Are Post-Vote Ballot Selfies A First Amendment Right? Activists, Snapchat Says So

Because it’s 2016 and people take selfies while doing everything from eating dinner to driving, states, constitutional activists, politicians, and Snapchat are debating whether voters can take pictures near the ballot box.

In case you haven’t heard yet, so-called “ballot selfies” are a thing and recently became the center of a serious debate over First Amendment rights and voter fraud, the New York Times reported.

The phenomenon goes something like this: Young people sidle into the booth to cast their vote, and afterward whip out their smartphones, strike a pose, and take a picture. This can be a photo of the booth itself or even a completed ballot.

Snapchat has called these selfies “the latest way that voters, especially young voters, engage with the political process.”

And that engagement may be a First Amendment-protected right of both free speech and political expression, Inverse added.

Laws vary state by state. South Carolina and other states don’t restrict the practice too much, while Pennsylvania and Vermont will lodge fines of $1,000 against practitioners. In Wisconsin and Illinois, ballot selfies are a serious felony. Three states have ruled that it’s a right to take a photo in the booth.

The issue is being hotly debated in New Hampshire right now. The practice was banned, then that ruling overturned; an appeal process is underway. Snapchat, the New England First Amendment Coalition, and the Reporters Committee for Freedom of the Press joined forces to file amicus briefs (documents filed by parties interested in the case, which tell the court information and arguments they may want to think about) in New Hampshire on Friday.

There are few compelling arguments for ballot selfies and one pretty serious argument against them.

Firstly, they could be seen as a modern expression of civic pride and could inspire young people — who aren’t the best voters — to participate in the political process. Many people use social media for political or civic purposes, and sites like Snapchat are a platform for excited young voters to interact with the democratic process.

“It is precisely because a ballot selfie proves how a voter has exercised her franchise that it is an unmatched expression of civic engagement,” Snapchat argued. “There is, simply put, no substitute for this speech.”

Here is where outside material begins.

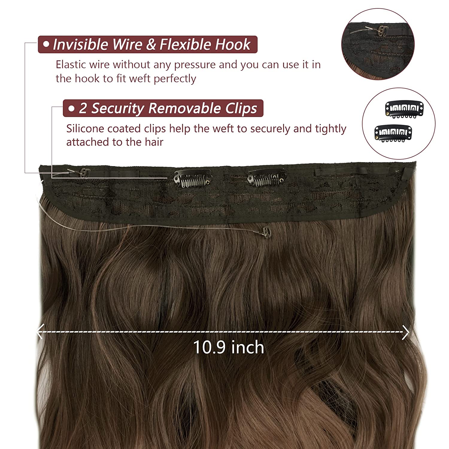 - Double Fixation for Better Secure – Invisible wire has strong toughness, not easy to break, sits flat against head and there is no gapping. Extra 2 security removable clips added on either side of the weft will keep the hair extension stay in place and not slip or fall out of your hair.

“Whether it’s a campaign button or a selfie, Snapchat believes that expressing participation in the democratic process is an important part of free speech and civic engagement that the First Amendment roundly protects.”

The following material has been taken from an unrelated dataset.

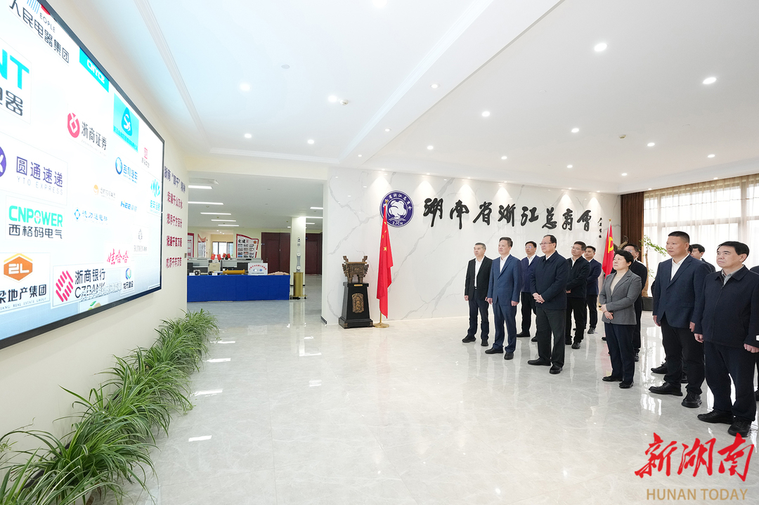 湖南省浙江总商会是我省规模最大的省级异地商会,拥有会员单位超2000家,在湘浙商累计投资总额突破1.2万亿元。毛伟明一行了解商会有关情况,并参观了浙商企业远航控股。该企业落户湖南以来,布局了人工智能、物联网感知等多个前沿领域,成为集智能制造、创新投资等于一体的多元化企业集团。毛伟明勉励商会负责人继续发挥“以商招商、以商引智”的桥梁纽带作用,聚焦湖南“三个高地”建设和构建现代化产业体系,推动更多优质企业项目落地湖南,引导更多优秀人才集聚湖南,与湖南发展同频共振、同向同行。

Such selfies could, in theory, expose issues as well, “keeping the system honest, and documenting the election process and quickly identifying flaws… and being able to share them quickly and easily with other voters,” said Justin Silverman, the executive director of the New England First Amendment Coalition.

Then there’s the constitutional argument. People have a protected right to free speech and political expression, and ballot selfies are a form of that expression. Snapchat also thinks that bans against in-booth pictures violate its First Amendment rights as well. As part of this argument, the company called itself a news-gathering operation and watchdog.

But on the opposite side of Snapchat is the belief that ballot selfies could be manipulated in a modern-day version of vote-buying, argued New Hampshire Secretary of State Bill Gardner. If people are allowed to take pictures inside the voting booth, those pictures could be used by corrupt people as proof that the votes they bought were cast.

Gardner said it would be a new form of an old trick, and the sanctity of the voting booth needs to be preserved.

“Going back a long time in history, there always have been attempts to take that secrecy away.”